Je suis content que vous le remarquiez. C'est bien qu'on puisse le faire, mais ce n'est pas une obligation. La forme du moment et l'adversaire peuvent conduire à des changements. Mais ça permet de travailler dans la continuité. On dure dans la Coupe du monde, on peut le faire, c'est un plus. Mais je ne publierai pas la composition de mon équipe avant mercredi soir. (NDLR, il est probable que Raymond Domenech aligne le même onze de départ que face au Brésil et l'Espagne, auquel cas ce serait la première fois depuis 1958 qu'une équipe de France jouerait trois fois de suite avec la même équipe : Barthez - Sagnol, Thuram, Gallas, Abidal - Vieira, Makelele - Ribéry, Zidane, Malouda - Henry).

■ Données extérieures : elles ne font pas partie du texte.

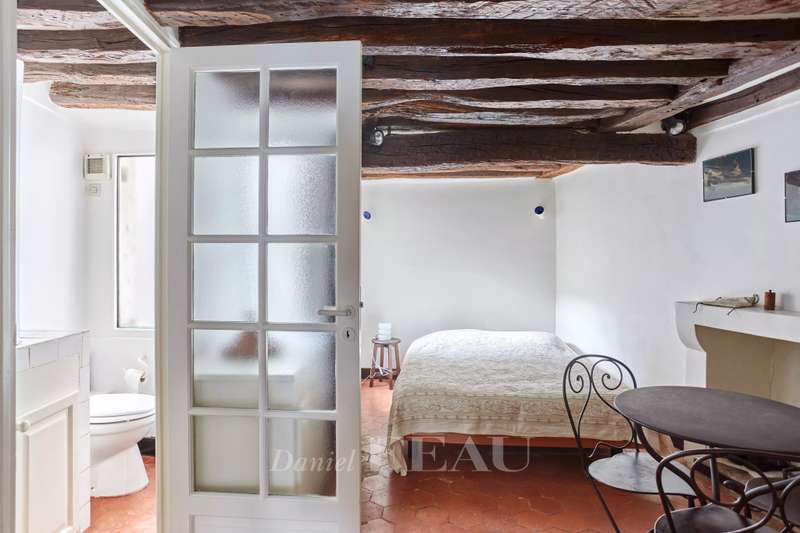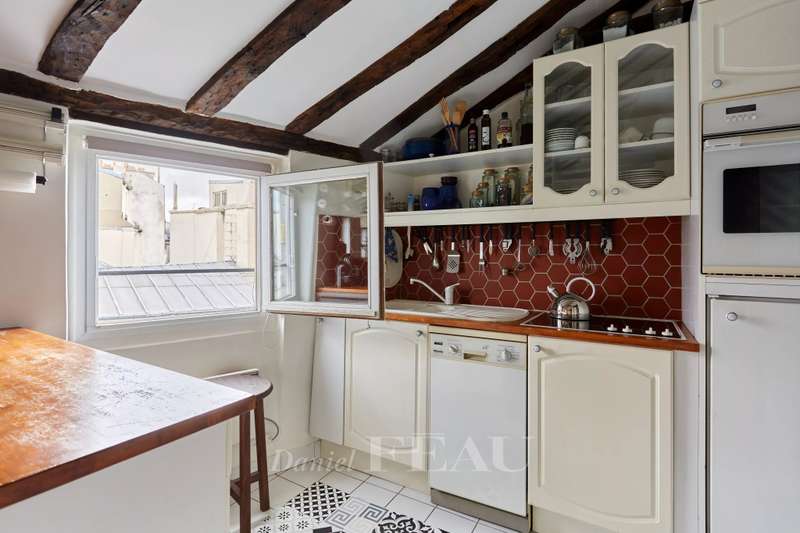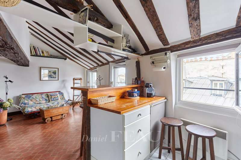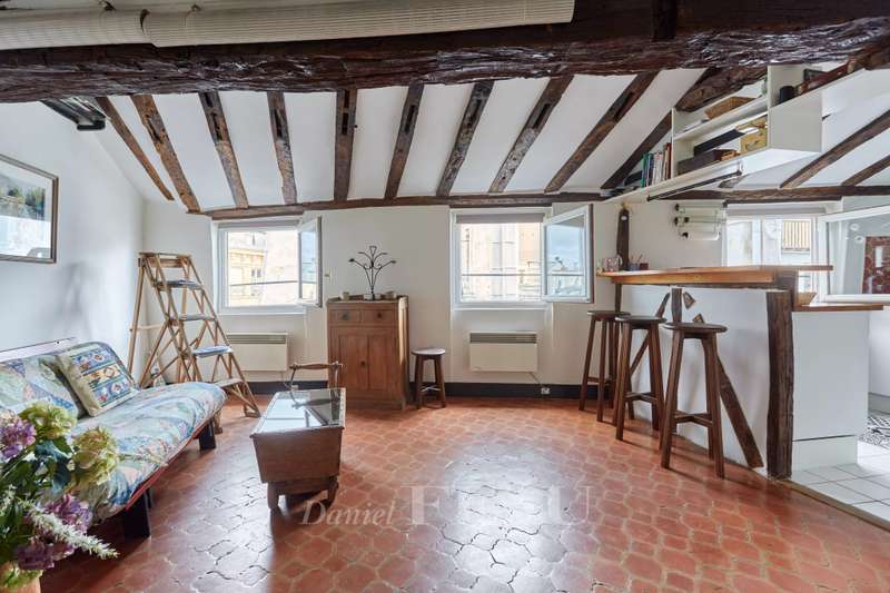 Rue Saint André des Arts. This 45 sqm two-room apartment oozing with period charm is on the 5th floor of a 17th century building. Featuring exposed beams, it comprises a living room with an open-plan kitchen, a bedroom overlooking a peaceful courtyard, and a shower room with a wc. Fitted storage space. The building is not equipped with a lift.
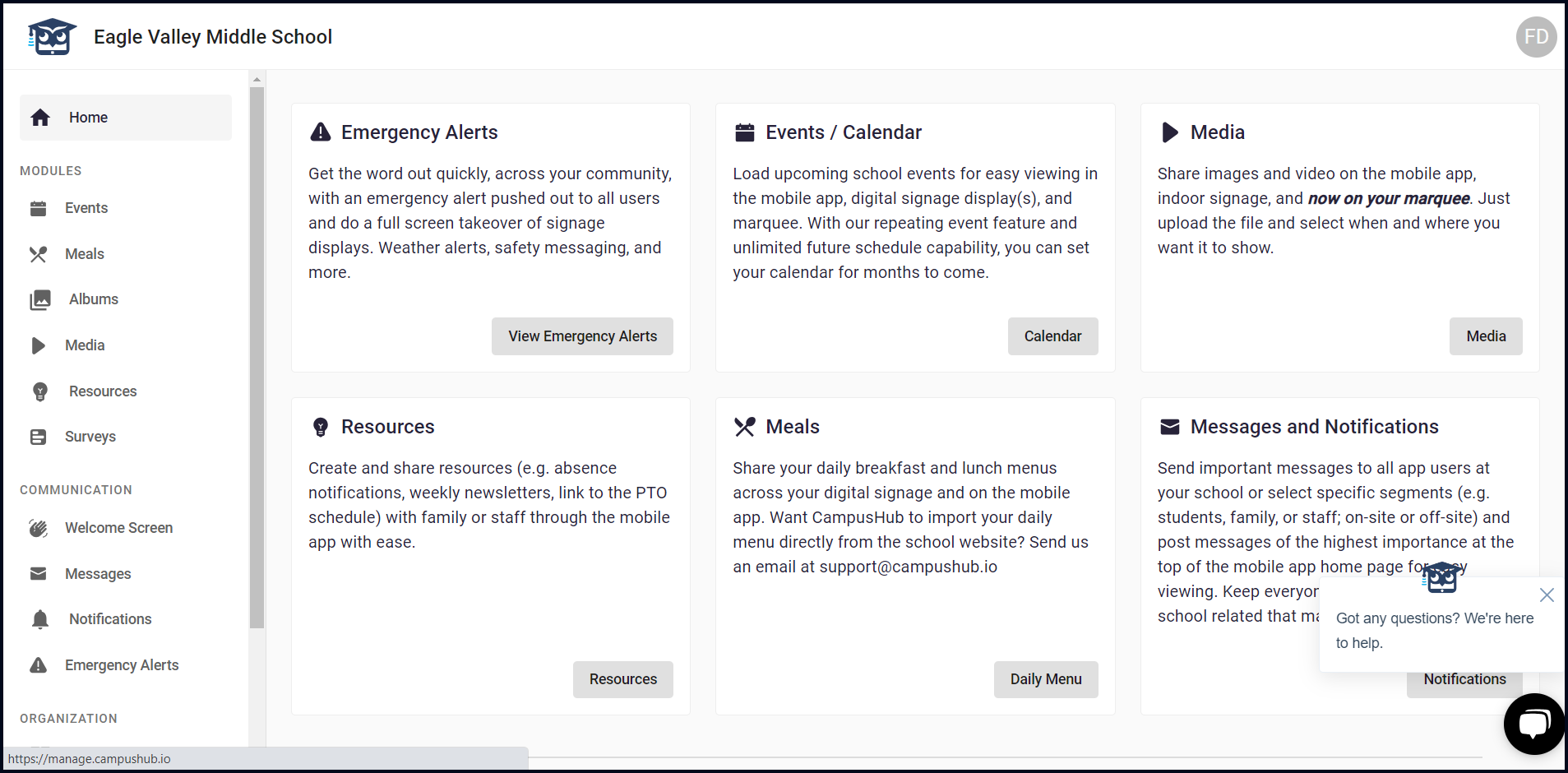 3. Here, an overview of the key features is displayed via individual cards. They include Emergency Alerts, Events/Calendar, Media, Resources. Meals, and Messages and Notifications.

Avez-vous l'impression que votre équipe s'est trouvée dans la difficulté ?
C'est une constante dans les Coupes du monde. Je n'ai pas de souvenir d'équipe euphorique en préparation, euphorique au premier tour et qui soit allée au bout. C'est long, un mois et demi ensemble à travailler, à s'écouter, à rester éloigné de chez soi. Tenir ou pas, c'est le résultat de divers ingrédients. Le seul moment où ça pourra basculer entre difficulté et réussite, c'est le 9 juillet après le match. Avant, c'est de la reconstruction permanente. Il y a aujourd'hui un basculement dans l'opinion et dans la façon dont les gens nous voient. Dans notre confiance aussi, c'est vrai, mais c'est logique. Les bons matches renforcent chacun dans ce qu'il est capable de faire.
Certains aspect du jeu de l'équipe et des retombées de son parcours rappellent 1998. Y êtes-vous sensible ?
Non. On vit notre expérience. Certains anciens peuvent avoir une mémoire de ce qui s'est passé, mais c'est autre chose, c'est une autre équipe, un autre moment. Nous avons notre histoire à vivre. Les comparaisons deviennent fatigantes à la fin.
Et 2002 ? Pensez-vous avec le recul que ce souvenir a perturbé les joueurs ?
Oui un peu, c'est vrai. Ça a pu exister. Ils n'avaient pas envie de refaire ce qui s'était passé en Corée, et ça freinait un peu certains. Je l'ai ressenti au départ. Le fait de passer a peut-être permis une libération.
Ceci explique les débuts pénibles contre la Suisse ?
Les débuts contre la Suisse n'ont pas été pénibles. La Suisse était une équipe bien organisée, solide, et bien préparée, qui nous a posé des problèmes. On n'a pas pu la battre une seule fois en deux ans, pas plus en phase finale que pendant les qualifications.
Cherchez vous à isoler au maximum vos trois joueurs sous contrat avec la Juventus (Thuram, Vieira et Trezeguet ont appris mardi que leur club risquait une relégation en Série C) ?
Si vous avez un moyen de le faire, donnez le moi. C'est là, c'est dans l'air, ça tombe maintenant. C'est un peu gênant, mais ils ont mis une barrière autour de tout ça. L'objectif, c'est le 9 juillet. Ce n'est pas le moment pour parler d'autre chose.
Avez-vous un message au sujet de l'arbitrage, comme avant France-Brésil ?
Je ne connais même pas sa nationalité. Il est uruguayen ? C'est celui de France-Togo ? (Il réfléchit et sourit). Non, rien.»